Poster
INSPECT: A Multimodal Dataset for Patient Outcome Prediction of Pulmonary Embolisms
Shih-Cheng Huang · Zepeng Huo · Ethan Steinberg · Chia-Chun Chiang · Curtis Langlotz · Matthew Lungren · Serena Yeung · Nigam Shah · Jason Fries
Great Hall & Hall B1+B2 (level 1) #443
Synthesizing information from various data sources plays a crucial role in the practice of modern medicine. Current applications of artificial intelligence in medicine often focus on single-modality data due to a lack of publicly available, multimodal medical datasets. To address this limitation, we introduce INSPECT, which contains de-identified longitudinal records from a large cohort of pulmonary embolism (PE) patients, along with ground truth labels for multiple outcomes.
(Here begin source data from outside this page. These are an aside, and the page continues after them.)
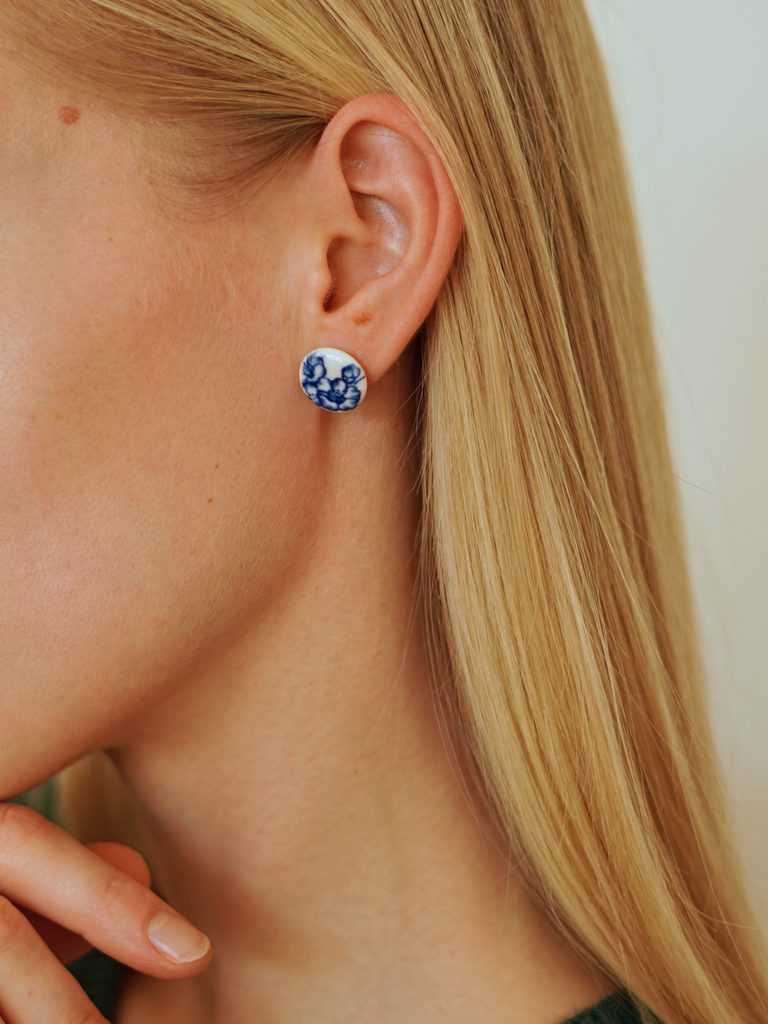 Earrings: Dots - Blue Decors, 3 variants, Porcelain Jewels Studio Mallys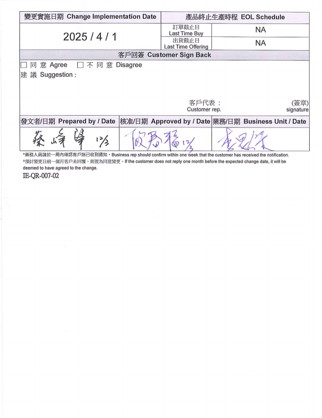 The reason for the change is that due to poor character width and line diameter matching in the old code design of Tian'er, there is a high risk of appearance defects such as font diffusion, blurring, dot pattern, filling, etc. during code printing. After multiple adjustments to the trial production process conditions, it is still unable to effectively improve the defect rate. Therefore, Tian'er has made a comprehensive change to the font to improve the appearance yield of Tian'er products and reduce the probability of customers' AOI appearance judgment NG after PCB placement and furnace due to code defects.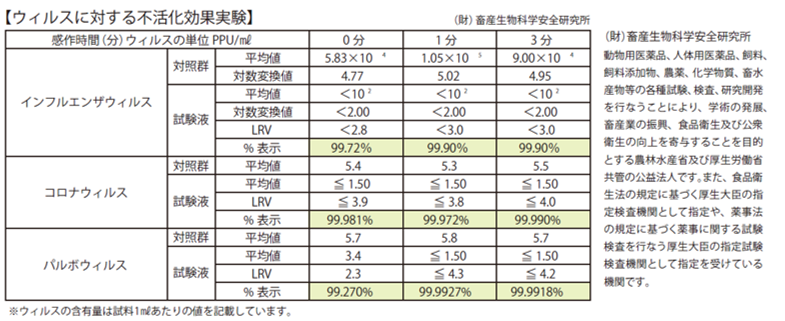 ■コロナウイルス(家畜衛生株)に対する不活化効果実験 0分99.981% 1分99.972% 3分99.990% ※2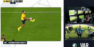 第14分鐘,西馬坎禁區內疑似手球,裁判示意沒有問題

INSPECT contains data from 19,402 patients, including CT images, sections of radiology reports, and structured electronic health record (EHR) data (including demographics, diagnoses, procedures, and vitals). Using our provided dataset, we develop and release a benchmark for evaluating several baseline modeling approaches on a variety of important PE related tasks. We evaluate image-only, EHR-only, and fused models. Trained models and the de-identified dataset are made available for non-commercial use under a data use agreement. To the best our knowledge, INSPECT is the largest multimodal dataset for enabling reproducible research on strategies for integrating 3D medical imaging and EHR data.